知ってはいたが、恐れ多さに呑まれた俺は、そういうのを考えないようにしてしまったんだ。

「凡骨……」

トントンが小さくつぶやいて、コネシマがそれをきいて噴き出した。

『なんだと!』
「凡骨。凡人。凡夫。凡庸。根性なしの一般人」
『お前っ……』
「反論できるんか? でっかい屋敷にビビって茶会を辞したお前に?」
『!』

……トントンにはなにもかもおみとおしのようだった。わかっている。こいつはこれで、抜け目なく鋭い男だ。俺の「平凡な」葛藤など、まったく予想の範疇なのだろう。

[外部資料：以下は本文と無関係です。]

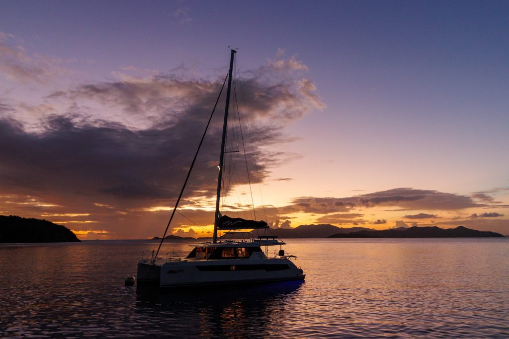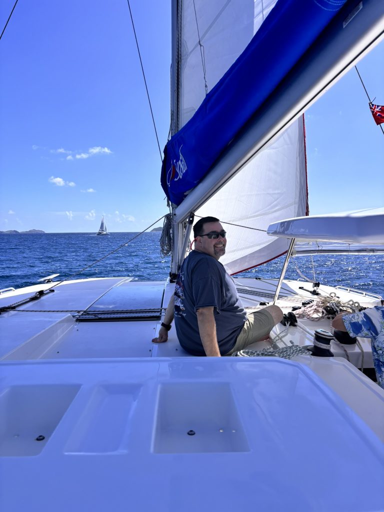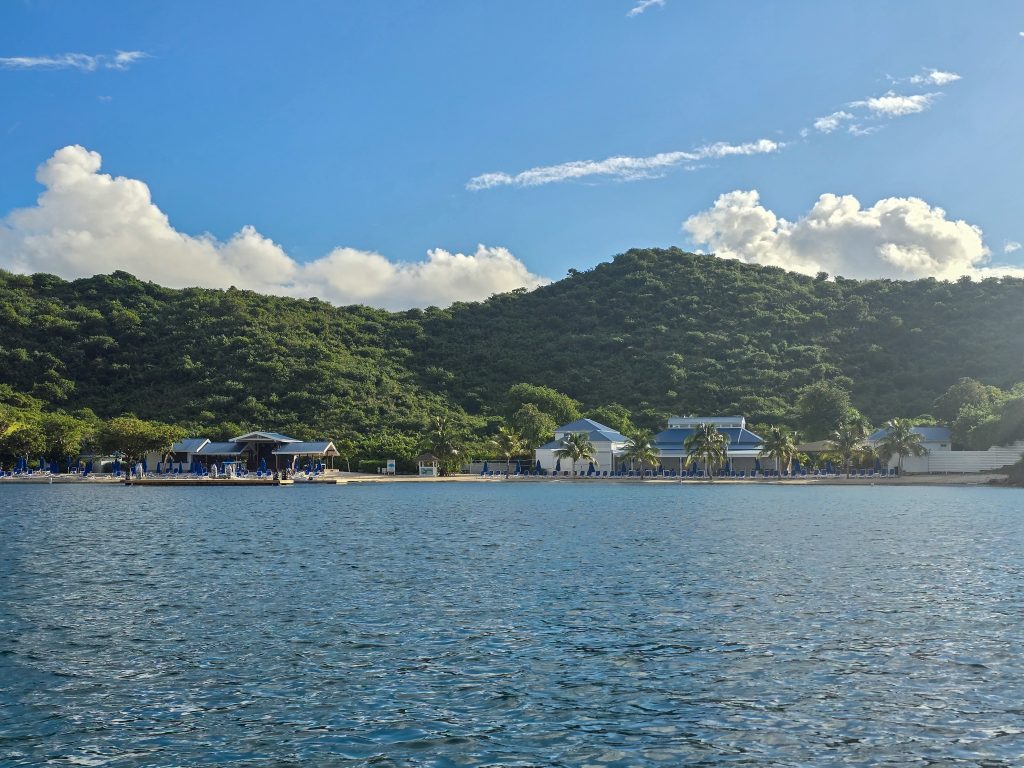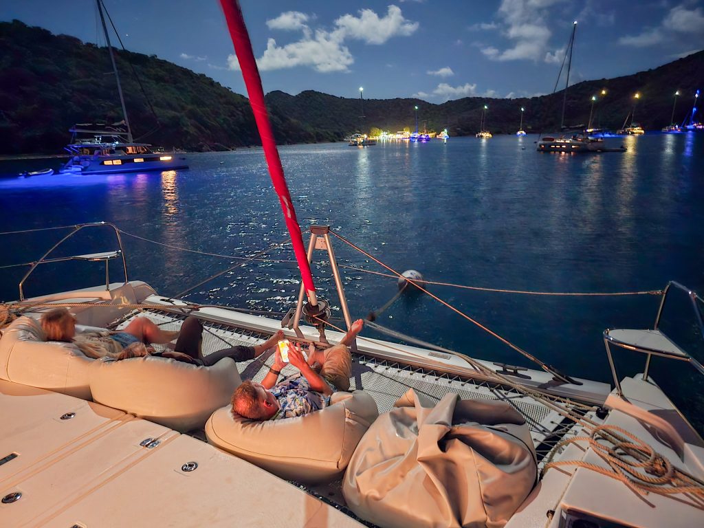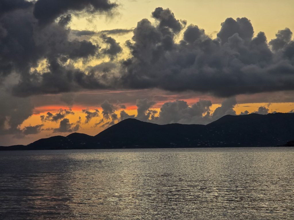 After the “school work”, it was play time, and we found a place to spend the night on and anchor ball in Bight Bay at Norman Island. Bight Bay has a bar and restaurant on the beach that you can dinghy to, as well as the world-famous “Willy-T’s” floating bar and restaurant anchored in the bay. (https://willytbvi.com). Willy-T’s is most known for its conch fritters and topless college girls jumping off the top deck into the water. We opted not to partake in either and decided on dinner at our boat and a quiet night enjoying the sunset instead.

「ま、こういうの縁がない一般人がいきなり茶会に上げられるってなれば、普通はビビるわな」
『…………』
「凡人には凡人のコンプレックスがあんのよ。お前にもわかるやろ、トントン」
「…………」

コネシマにそう水を向けられたトントンは、ごまかすように「ゴホン!」と大きな咳払いをして、ふたたび俺をみた。

「……お前、不誠実なことはするなよ」

トントンは、俺をにらみながらそれだけいって、台所を去っていった。俺はうんともすんともこたえられず、口をつぐんだままトントンが出ていくうしろ姿をみている。コネシマはそんな俺を横目にみながら笑っていた。……よく笑う男だ。なにがそんなに楽しいのだ。人の苦悩を蜜とするタイプに、ろくな人間はいないと相場が決まっている。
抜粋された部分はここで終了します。